__Your instructions__. Restate, word for word and with no pictures, the stretch of lines in the data below that begins at the line with "Stamps String Quartet at Mickve Israel" and ends at the line with "May is National", inclusive.

Start of Source data

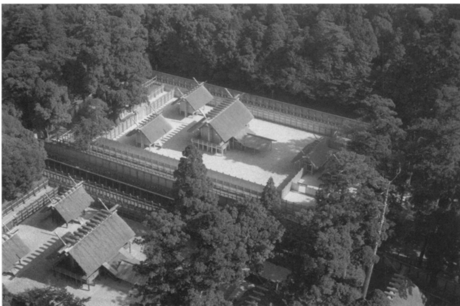
Fig. 1. One of the sources of the Nara meeting was the feeling of Japanese conservation professionals that their approaches to conservation were misunderstood. The example most cited was the false contention in many Western publications that the Japanese ritually rebuilt replicas of their temples on adjacent sites every twenty years — a practice in fact limited in modern times to one Shinto shrine, the Ise Shrine, seen here.

The originators of the Nara meeting had more prosaic benefits in mind, however. They wished simply to extend the range of attributes through which authenticity might be recognized in order to accommodate within it mainstream Japanese conservation practices — namely the periodic dismantling, repair, and reassembly of wooden temples — so that Japan would feel more comfortable about submitting World Heritage nominations for international review (Figs. 1 and 2). 1 This aim was accomplished by returning to a framework more closely in tune with the framework from which the World Heritage test of authenticity had originally emerged (including the integrity requirement, which had underlain analysis of historic properties for inclusion on the National Register of Historic Places in the United States) and its inclusion of dynamic, or process-based, attributes. 2 While the Nara meeting did produce a more broadly drawn technical framework for authenticity analysis, the Nara Document at a more profound level also created the conceptual conditions to legitimize Japanese (and many other
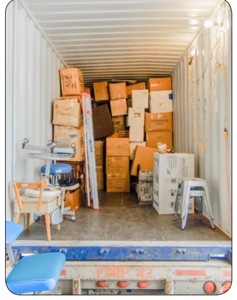
More items are still needed to fill the container for the families at Las Palmas.
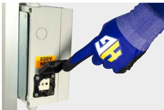
Additional 220V socket.
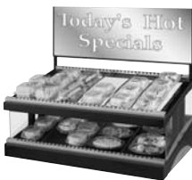
Model GR3SDS-39 with optional Designer color and accessory top sign holder (sign not included)
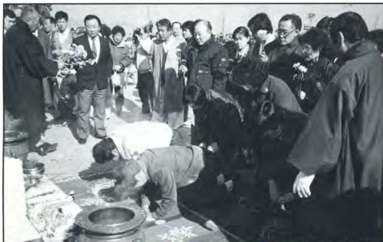
South Koreans bow to their ancestors in North Korea at the DMZ on the Lunar New Year.
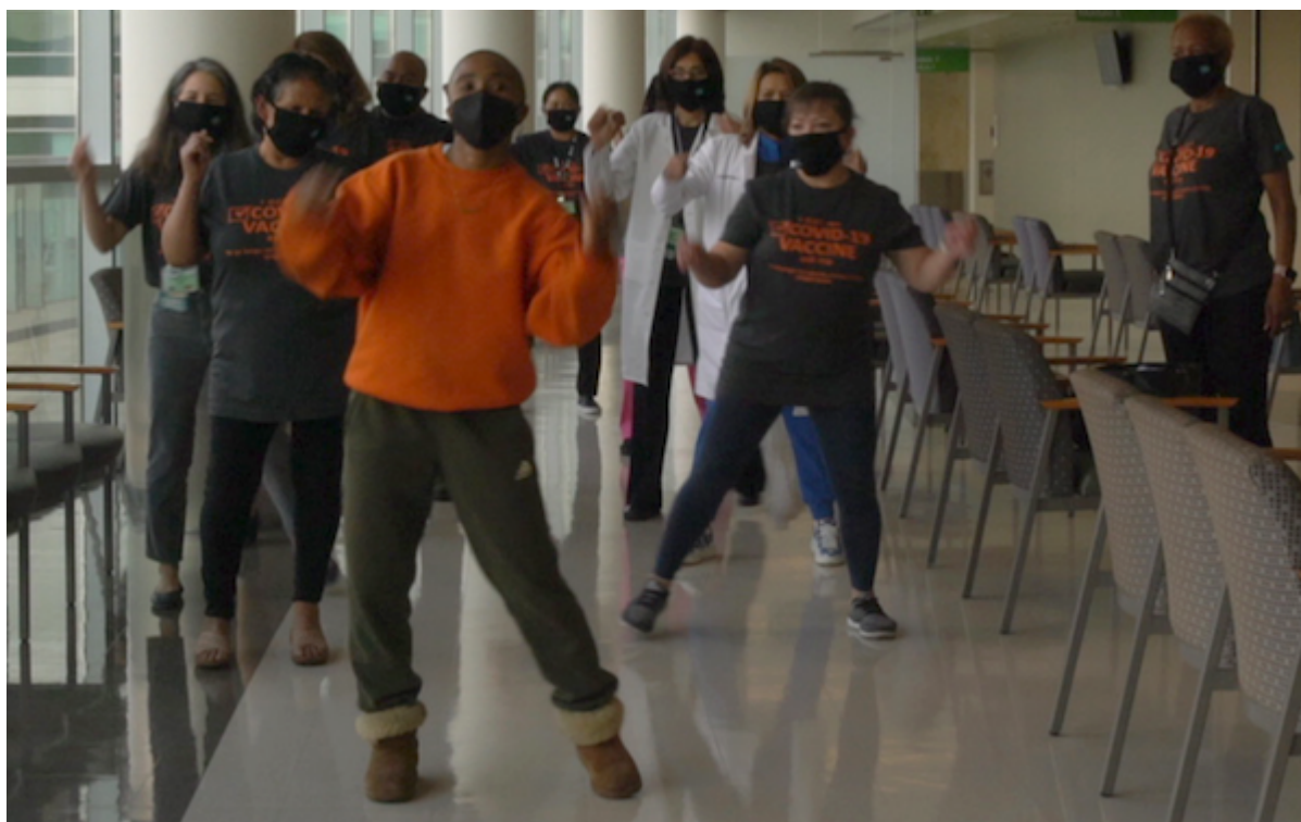
Heidi Duckler Dance.

Among the innovative Covid-19 vaccination efforts, Martin Luther King, Jr. Community Hospital Campus (MLK) teamed with site specific dance company Heidi Duckler Dance to create a short, public service announcement film Ages Take Action: Give the Vaccine a Shot . The film includes a score produced by the Young Producers Group comprised of LAUSD students enrolled in music production classes. The video continues HDD's ongoing partnership with MLK and its Watts/Willowbrook neighborhood. The video will be part of community outreach efforts by hospital personnel and other health professionals to disseminate information about the vaccination effort and address the disproportionate pandemic toll on BIPOC communities. The film receives its debut public screening along with a panel discussion with medical professionals. At the Watts Labor Community Action Committee, 10950 S Central Ave, Watts-Willowbrook; Thurs., July 29, 7 p.m. free with reservation at Heidi Duckler and continues online on Vimeo .
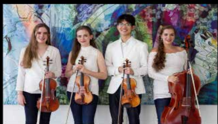
Stamps String Quartet at Mickve Israel

Congregation Mickve Israel 20 E Gordon St Savannah, GA 31401
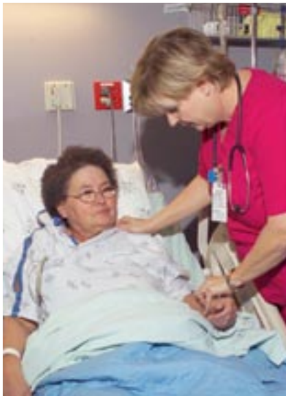
Every day of the year, nurses at Colorado Plains Medical Center go above and beyond to bring comfort to patients.

May is National Nurses week, and we at Colorado Plains Medical Center want to show our appreciation for the men and women who are the backbone of patient care.
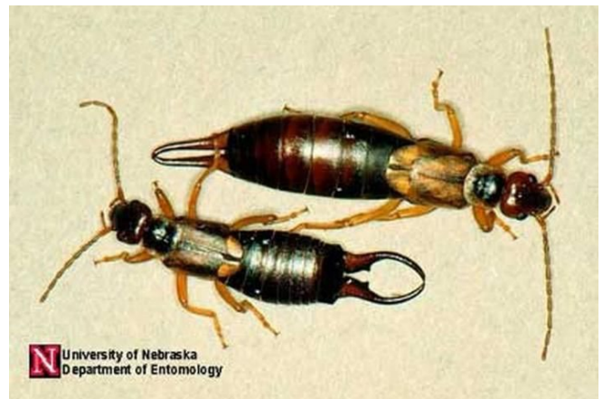
Figure 1. Adult male (bottom) and female (top) European earwigs, Forficula auricularia Linnaeus. The forceps help determine the sex of the adult.

The adult normally measures 13–14 mm (~1/2 in) in length, exclusive of the pincher-like cerci (forceps), though some individuals are markedly smaller. The head measures about 2.2 mm (~1/16 in) in width. Adults, including the legs, are dark brown or reddish brown in color, though paler ventrally. The antennae have 14 segments. Despite the appearance of being wingless, adults bear long hind wings folded beneath the abbreviated forewings. Although rarely observed to fly, when ready to take flight the adults usually climb and take off from an elevated object. The hind wings are opened and closed quickly, so it is difficult to observe the wings.
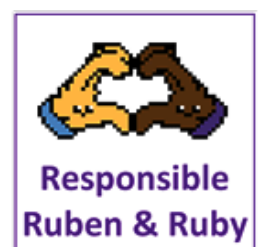
Responsible Ruben & Ruby
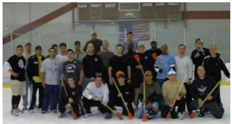
Above: Members of C & D-Troops got together for a little "friendly" game of Broomball at the ice rink. There were only minor injuries reported
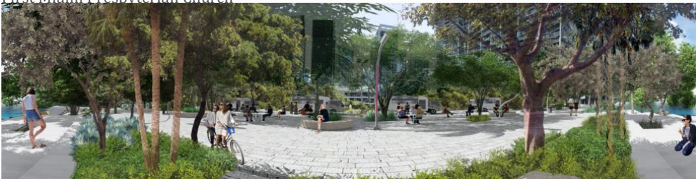
First Miami Presbyterian Church

Renderings via Savino Miller Design Studio
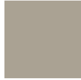
Canowindra $88/m3 (1)
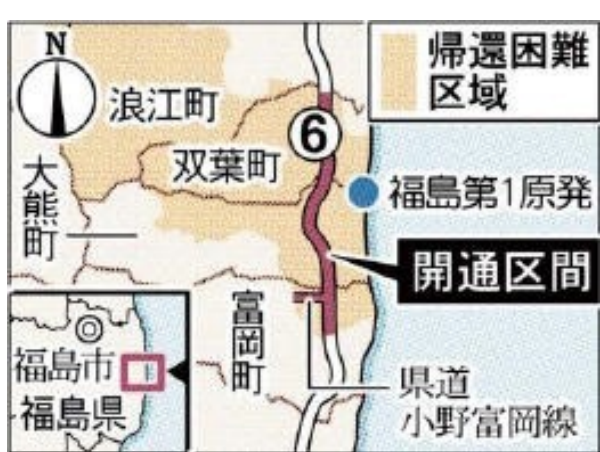
The red colored part of Route 6 was opened to the public. It is only 1.5 km away from the power plant, and cut through the areas designated in beige as uninhabitable for now.

Hirano: So if you had the data to prove the correlation between health and radiation, you would want to pursue the responsibility of these scholars once again.
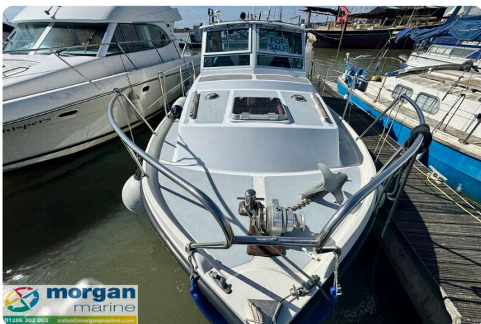
Aquastar 27 - anchor
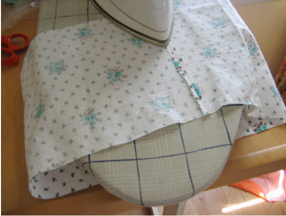
Figure 1. Skirt pressed open
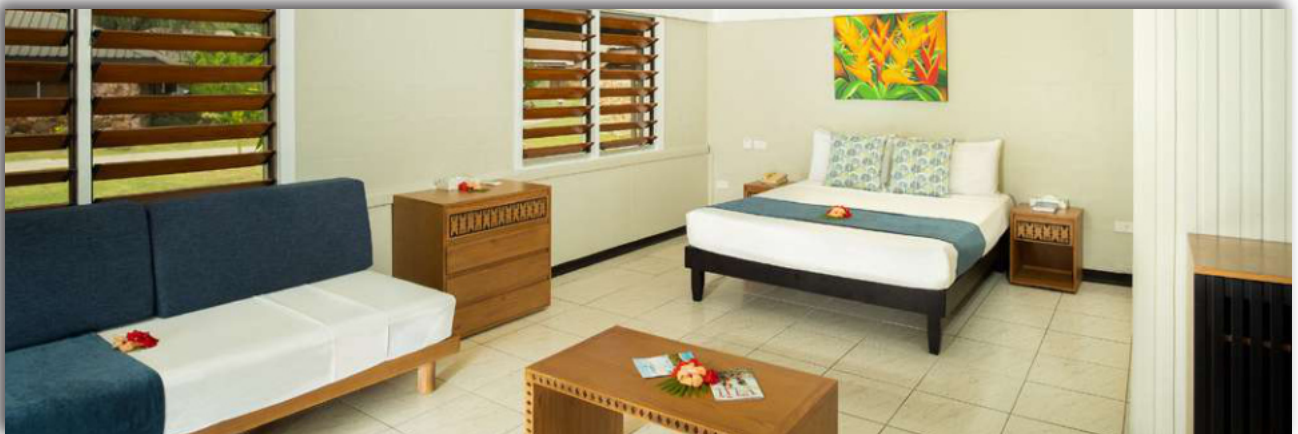
Studio Garden Bure
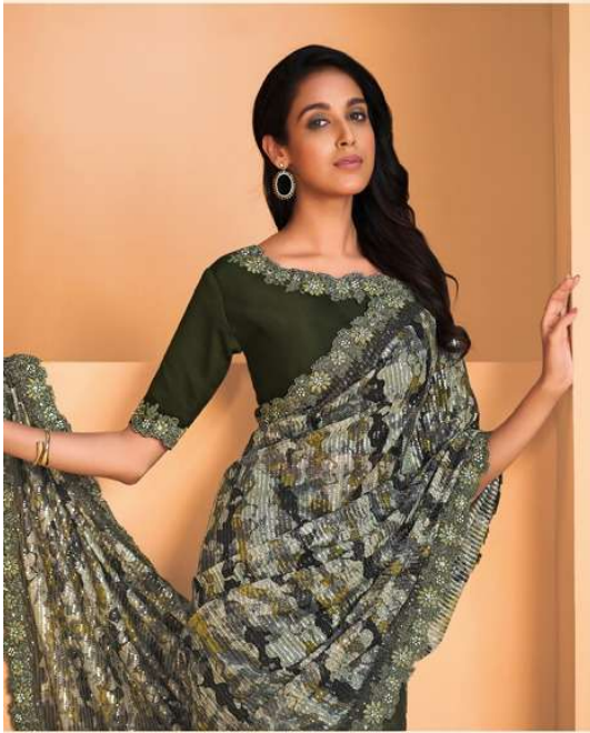
Frolic Splashing Green It is not about dressing according to what's fashionable. You just proved that style is more about being yourself.
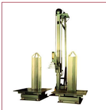
Overhead Payoff with Coil Upenders
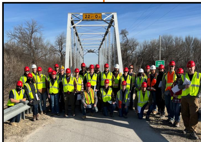
FY22 Class Field Trip, Ft. Sill, OK.
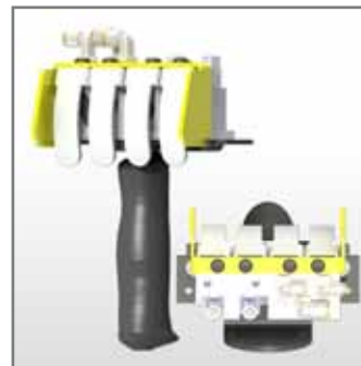
Four (4) Button Model# EPPA9160 (Shown)
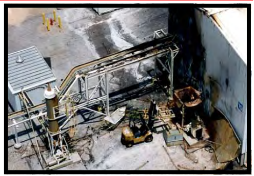
Conveyor Fire caused secondary explosion in this manufacturing facility.

In addition, the program emphasizes the need for prevention of dust clouds forming off of equipment such as grinders, mixers or other dust producing operations. Thus, the need for properly equipped dust collection is further mandated within the program.
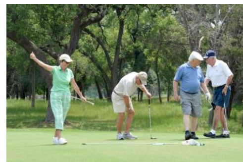
We Made one!
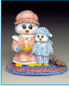
My trust in your light shows me the way S7044

Unit 17, Churchill Business Park, Churchill Road, Doncaster DN1 2TF Tel: 01302 367868 Fax 01302 361006 E-mail sales@harvestfields.biz www.harvestfieldsdistribution.co.uk

End of Source data

__Result of this task__.
Stamps String Quartet at Mickve Israel

Congregation Mickve Israel 20 E Gordon St Savannah, GA 31401
Every day of the year, nurses at Colorado Plains Medical Center go above and beyond to bring comfort to patients.

May is National Nurses week, and we at Colorado Plains Medical Center want to show our appreciation for the men and women who are the backbone of patient care.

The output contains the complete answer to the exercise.